- Instructions to follow -
A word-for-word copy of the following listing is needed. Leave out its images.
· · · ·
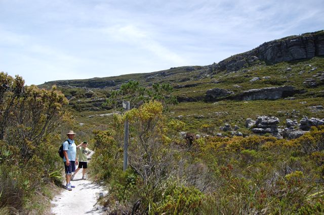 Ed and Mark are looking at the signpost that marks the midpoint between Skeleton Gorge and Maclear's Beacon.
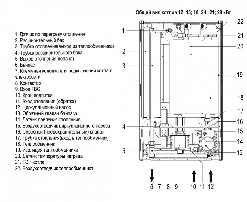 - Насос, расширительный бак и системы безопасности котла.
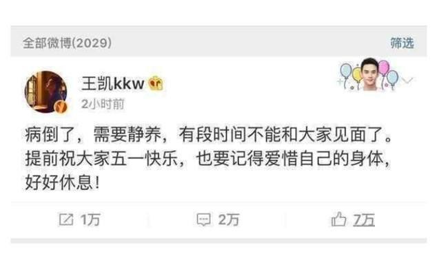 在生病期间,他在新浪微博上告知粉丝需要好好休息,但没有透露更多细节。
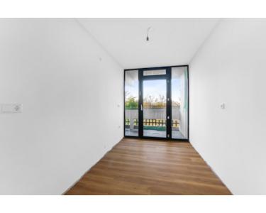 Das Arbeitszimmer/Schlafzimmer ist durch eine integrierte Glastür mit dem Flur verbunden. Diese stilvolle Raumlösung schafft Weite und lässt besonders viel Tageslicht in die Räume fließen – ideal, um den Bereich flexibel als Büro, Gästezimmer oder zusätzliches Schlafzimmer zu nutzen.
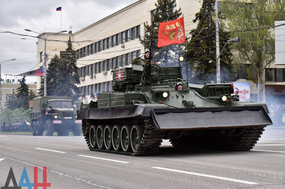 За пешими расчетами проследовала колонна военной техники. По сложившейся традиции парада в Донецке первым на главную улицу столицы выехал легендарный средний танк времен ВОВ - Т-34. Этот танк стоял в качестве монумента на Саур-Могиле, а в 2014-м оказался в эпицентре боев за легендарную высоту. В 2017 году он был отреставрирован и в том же году впервые принял участие в военном параде.
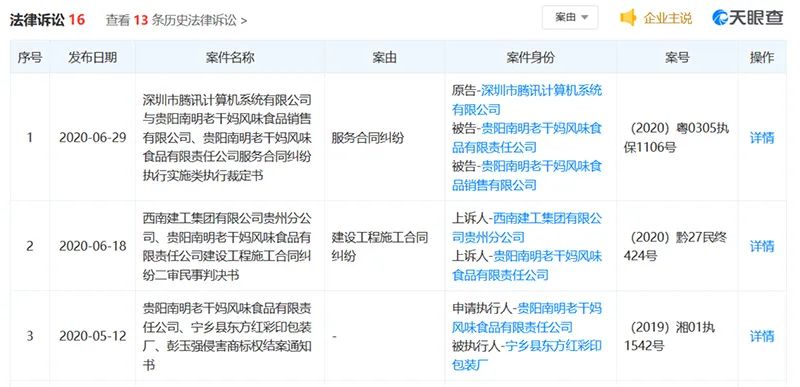 查阅天眼查后发现,贵阳南明老干妈风味食品有限公司存在16起法律诉讼。
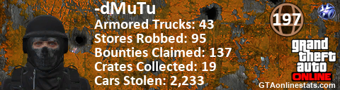 <a href="http://GTAonlinestats.com/showplayer/-dMuTu"><img src="http://GTAonlinestats.com/crimesignature/-dMuTu/sig.png" alt="-dMuTu" border="0" /></a>
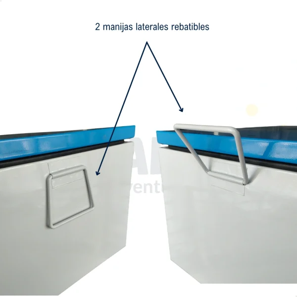 - Poliuretano en plancha de 2 cm: Es un material con excelentes propiedades aislantes, lo que asegura una menor transferencia de temperatura con el exterior, manteniendo los productos más fríos por más tiempo.
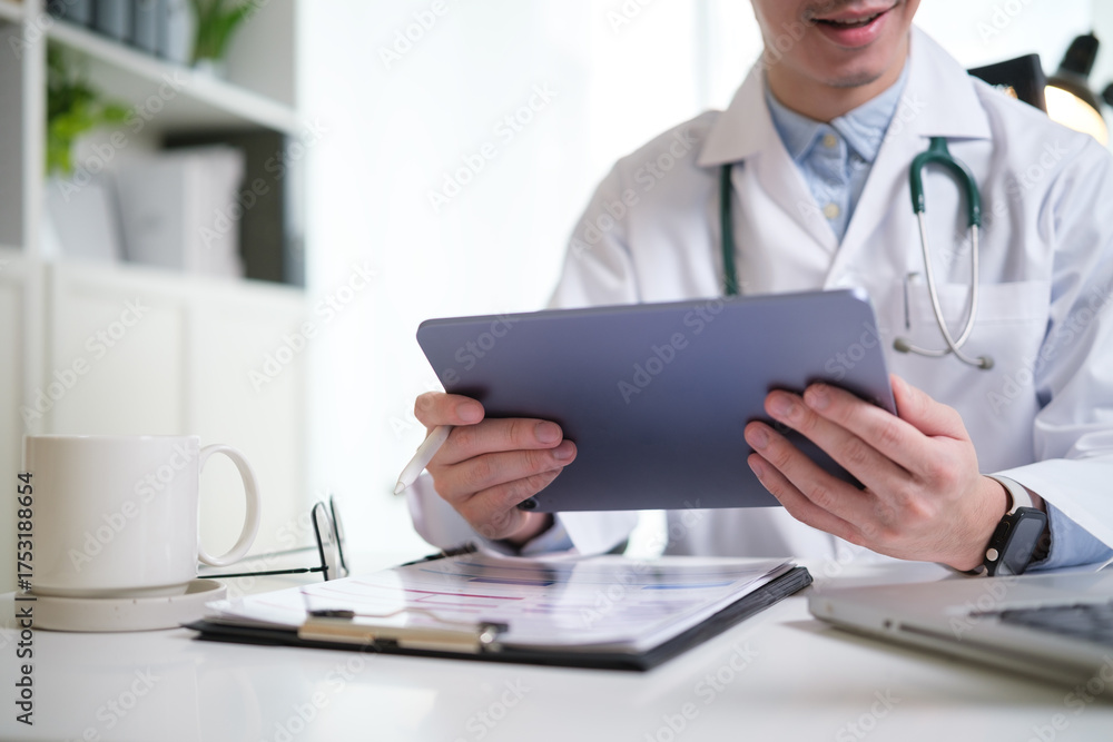 Close up of a doctor using a digital tablet to review medical reports in a modern clinic office.
· · · ·
- Exercise output -
 Ed and Mark are looking at the signpost that marks the midpoint between Skeleton Gorge and Maclear's Beacon.
 - Насос, расширительный бак и системы безопасности котла.
 在生病期间,他在新浪微博上告知粉丝需要好好休息,但没有透露更多细节。
 Das Arbeitszimmer/Schlafzimmer ist durch eine integrierte Glastür mit dem Flur verbunden. Diese stilvolle Raumlösung schafft Weite und lässt besonders viel Tageslicht in die Räume fließen – ideal, um den Bereich flexibel als Büro, Gästezimmer oder zusätzliches Schlafzimmer zu nutzen.
 За пешими расчетами проследовала колонна военной техники. По сложившейся традиции парада в Донецке первым на главную улицу столицы выехал легендарный средний танк времен ВОВ - Т-34. Этот танк стоял в качестве монумента на Саур-Могиле, а в 2014-м оказался в эпицентре боев за легендарную высоту. В 2017 году он был отреставрирован и в том же году впервые принял участие в военном параде.
 查阅天眼查后发现,贵阳南明老干妈风味食品有限公司存在16起法律诉讼。
 <a href="http://GTAonlinestats.com/showplayer/-dMuTu"><img src="http://GTAonlinestats.com/crimesignature/-dMuTu/sig.png" alt="-dMuTu" border="0" /></a>
 - Poliuretano en plancha de 2 cm: Es un material con excelentes propiedades aislantes, lo que asegura una menor transferencia de temperatura con el exterior, manteniendo los productos más fríos por más tiempo.
 Close up of a doctor using a digital tablet to review medical reports in a modern clinic office.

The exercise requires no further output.